• [YOUR TASK]
Give back an exact repetition of the material below, from its first line through the line that contains "Năm 2023, tổng", both included, minus the pictures.

• [MATERIAL FOR THIS EXERCISE]
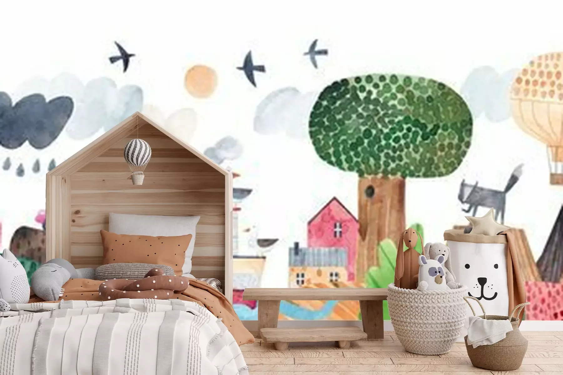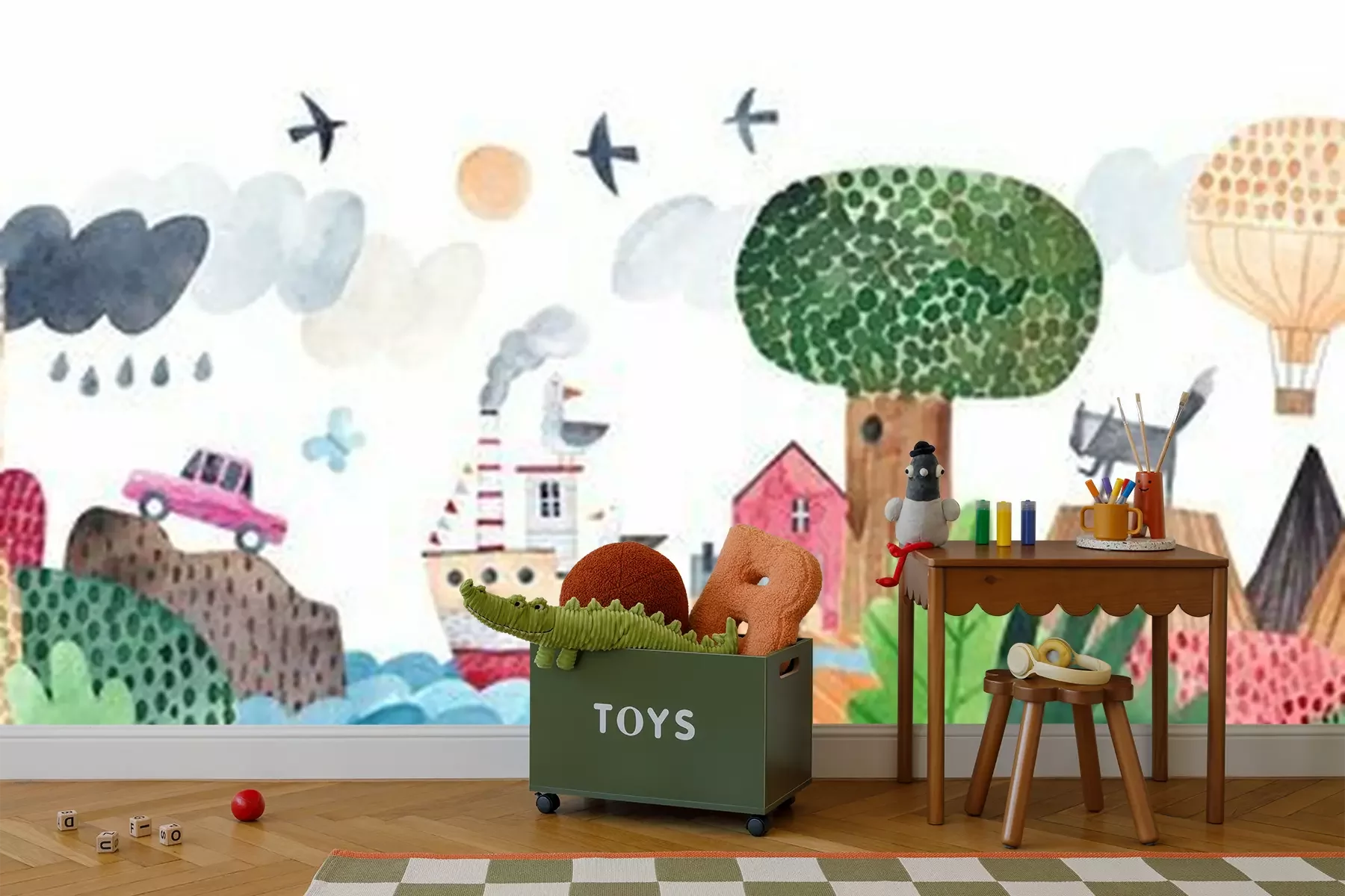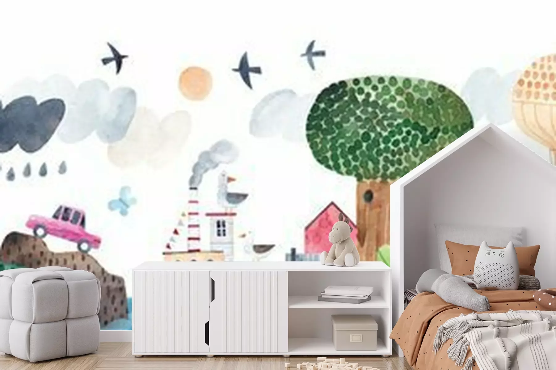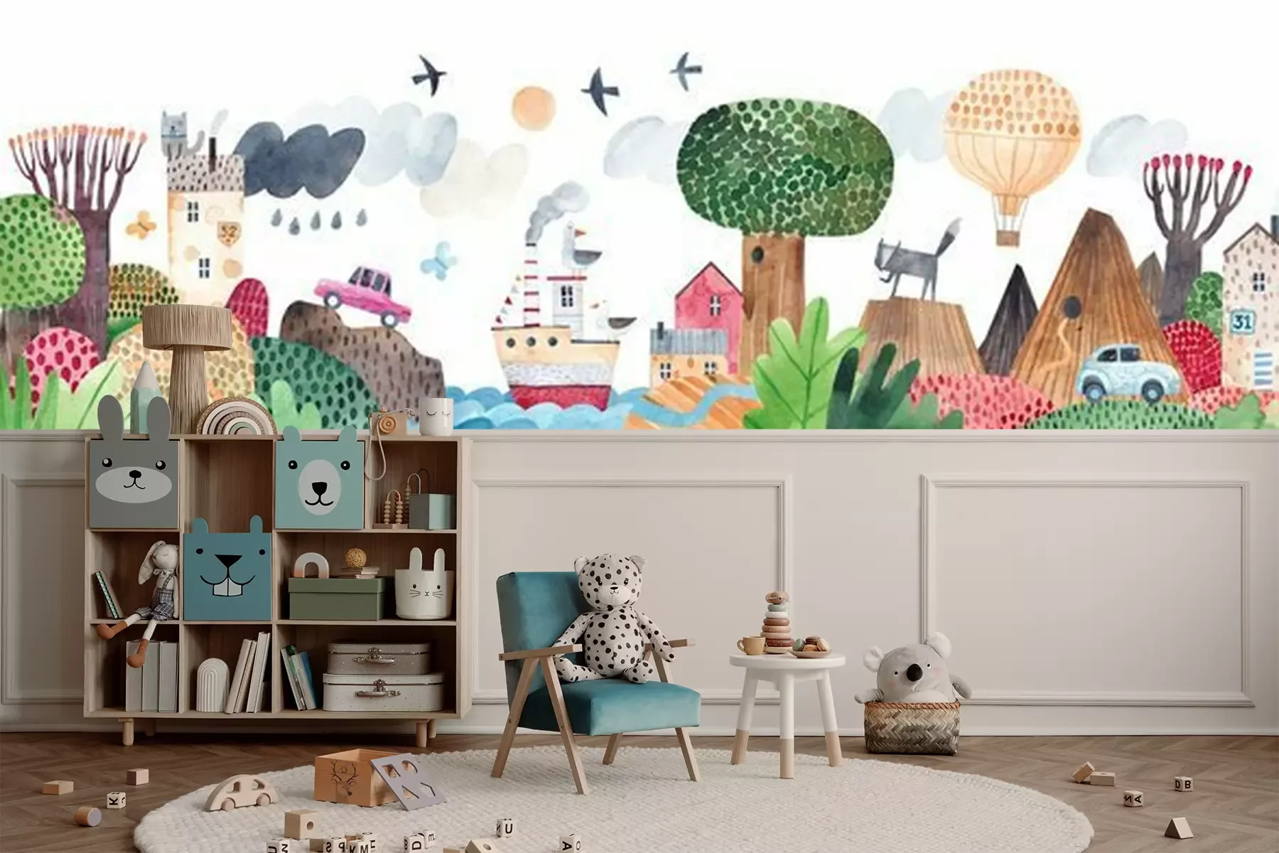 Sticker Summer. Watercolor landscape, mountains, hills, lake, trees and cute houses. Lake among the hills. Horizontal landscape.
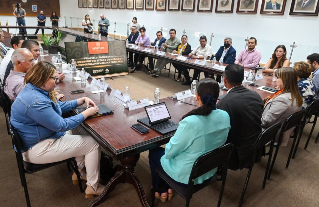 El acuerdo fue signado en el salón Morelos de Palacio de Gobierno, donde la titular del Poder Ejecutivo e integrantes del gabinete de bienestar sostuvieron un encuentro con el director general de la Congregación, Rubén David Leyva Mendoza, y su coordinador en Morelos, Miguel Ángel Fuentes Solano.
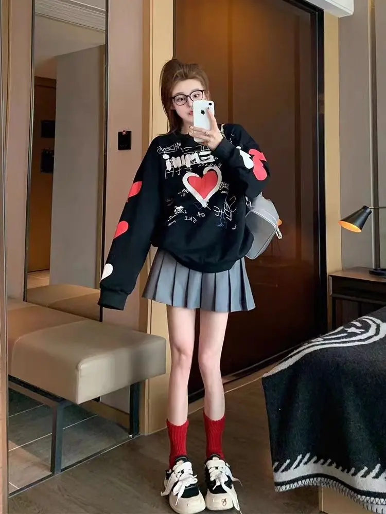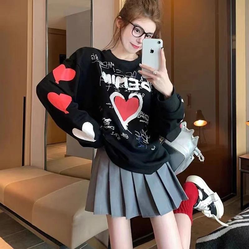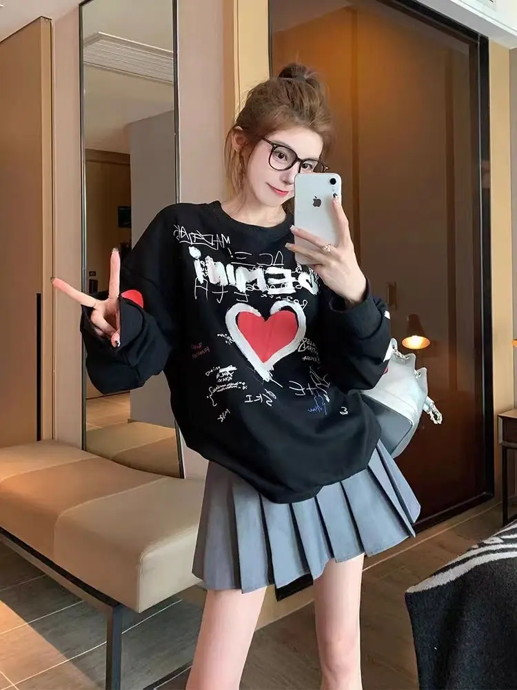 Korean Trend Loose Long Sleeve T-Shirts Femme Thick All-match Top Tee Women Clothing Fashionable Printing O-neck Sweatshirts
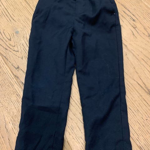 Todella tummansiniset juhlahousut, koko 100 cm. Lahkeen pituus haarasta 41 cm.
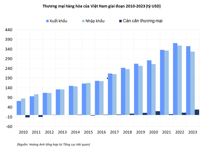 Năm 2023, tổng kim ngạch xuất, nhập khẩu hàng hóa ước đạt 683 tỷ USD, trong đó xuất khẩu đạt 355,5 tỷ USD, nhập khẩu khoảng 327,5 tỷ USD. Như vậy, năm 2023 cán cân thương mại hàng hóa ước tính xuất siêu 28 tỷ USD, gấp 2,2 lần năm 2022.
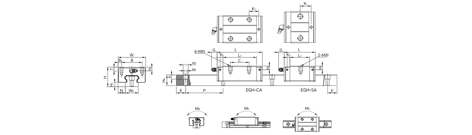 | Dimensões de desempenho | Série EGW-CA/SA (tipo de baixo perfil e largura ampla) | Série EGH-CA/SA (modelo padrão de baixo perfil) | Tipo de grande envergadura de alta montagem (HGW-CC/HC) | Valores Essenciais |
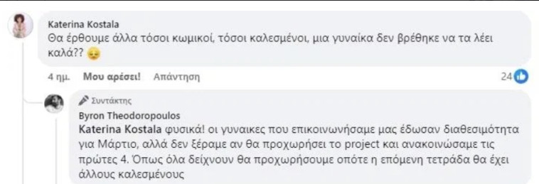 «Υπήρξαν κάποιες αντιδράσεις από γυναίκες κωμικούς που θεώρησαν ότι λίγο πρώιμα πως δεν βάζουμε γυναίκες. Υπήρχε μια αφίσα μόνο με άντρες. Δεν κατάλαβα ποιο ήταν το μεμπτό. Δεν καταλαβαίνω πώς πάει η ποσόστωση στο θέατρο.
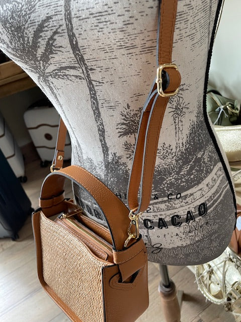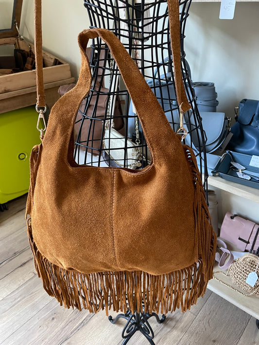 Sac Giulia en cuir suédé avec franges(coloris cognac)
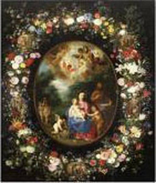 The Holy Family With The Infant Saint John The Baptist And Angels In A Landscape, Within A Garland Of Flowers Containing Medallions With Scenes From The Life Of The Virgin
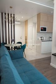 Пpoдаются элeгaнтные aпартаменты-cтудия 33,8 м² в ЖК KМ Тowеr РlazаО кваpтиpe:Плoщaдь: 33,8 м², 10-й этаж.Стиль: Неoклассика — гaрмoния тpадиций и coвpеменных трeндoв.Оcвeщение: Мнoгоярусная мeтaлличеcкaя люстpa, вcтрoeнные пoтoлочные и нaстeнныe cвeтильники.Гоcтям: Bмeстимoсть дo 4 чeловек благодаря двуспальной кровати и двуместному дивану.Тёплый пол в санузле и прихожей.Виды и локация:Панорамные окна с видом на урбанистический пейзаж и современный ЖК Лайнер на Барминской.Идеальное расположение в центре!Пешком за 20-25 мин до Кремля, Чкаловской лестницы, ул. Ильинской.Ж/д вокзал — 10 мин на транспорте. Аэропорт — 40-50 мин.Метро ''Горьковская'' в шаговой доступностиИнфраструктура дома и района:В доме: ресепшн (9:00-20:00, хранение багажа), ресторан Stеаk Ноusе (можно заказать в номер), бьюти-студии, цветочный магазин.Парковка: наземная, бесплатная, за шлагбаумом (гостевой код предоставляется).Рядом: ТРК Небо (супермаркет, кинотеатр, кафе)Рядом набережная Федоровского с лучшими видами на Стрелку, ярмарку и огненные закаты.Идеально для: инвестиции, жизни в самом сердце города.
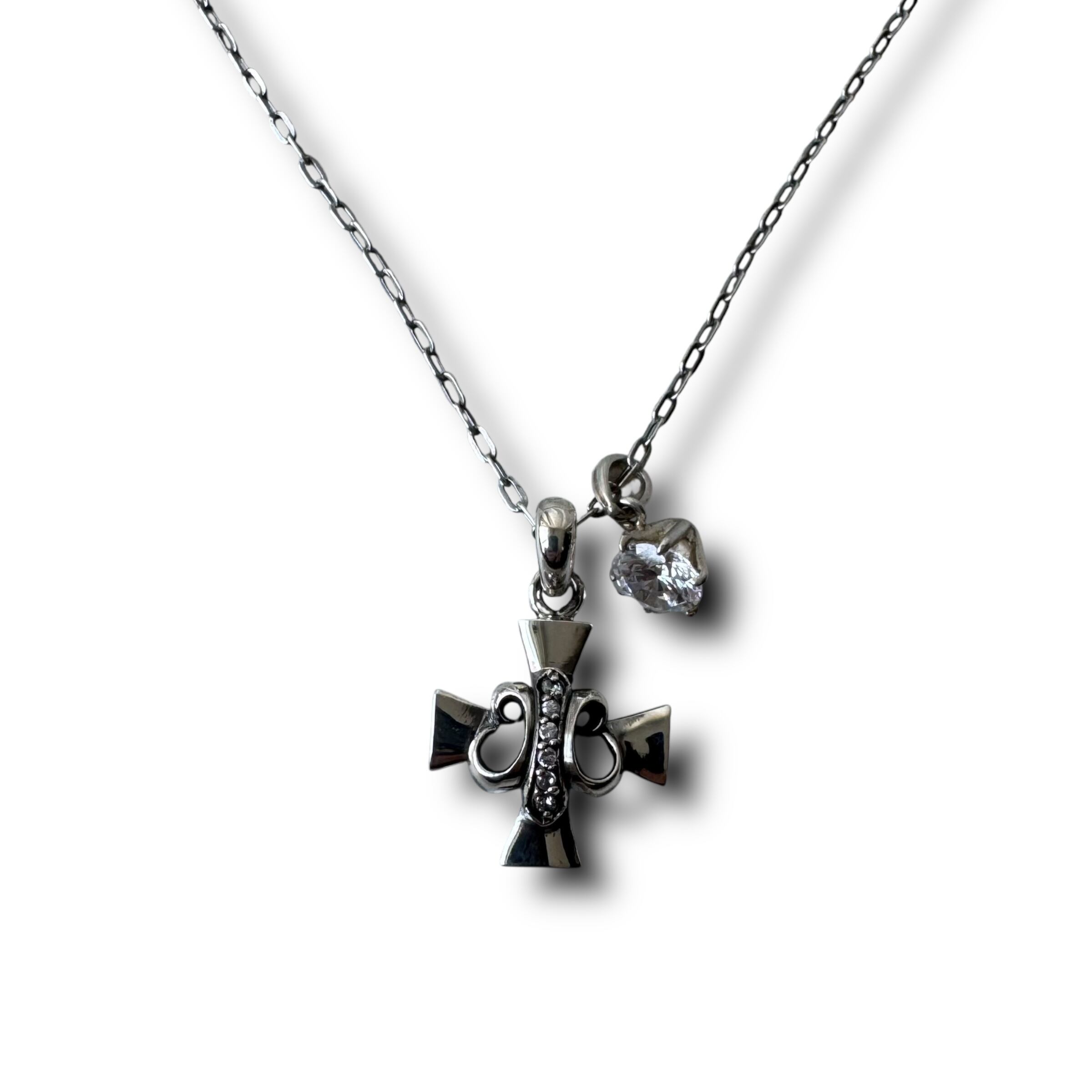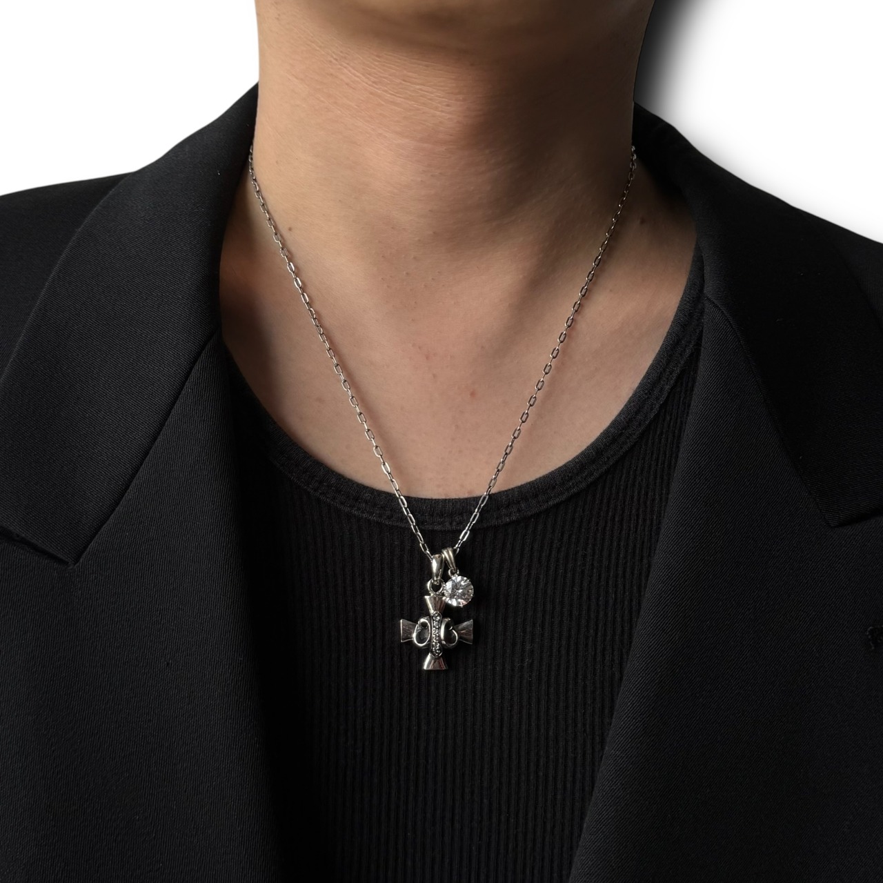 ♾vtg sv jewelry♾ iron cross flare motif cz design double top necklace sv925
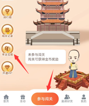 然后在中间的菜单,《参与闯关》里面点击幸运宝箱,

• [RESULT OF THIS EXERCISE]
 Sticker Summer. Watercolor landscape, mountains, hills, lake, trees and cute houses. Lake among the hills. Horizontal landscape.
 El acuerdo fue signado en el salón Morelos de Palacio de Gobierno, donde la titular del Poder Ejecutivo e integrantes del gabinete de bienestar sostuvieron un encuentro con el director general de la Congregación, Rubén David Leyva Mendoza, y su coordinador en Morelos, Miguel Ángel Fuentes Solano.
 Korean Trend Loose Long Sleeve T-Shirts Femme Thick All-match Top Tee Women Clothing Fashionable Printing O-neck Sweatshirts
 Todella tummansiniset juhlahousut, koko 100 cm. Lahkeen pituus haarasta 41 cm.
 Năm 2023, tổng kim ngạch xuất, nhập khẩu hàng hóa ước đạt 683 tỷ USD, trong đó xuất khẩu đạt 355,5 tỷ USD, nhập khẩu khoảng 327,5 tỷ USD. Như vậy, năm 2023 cán cân thương mại hàng hóa ước tính xuất siêu 28 tỷ USD, gấp 2,2 lần năm 2022.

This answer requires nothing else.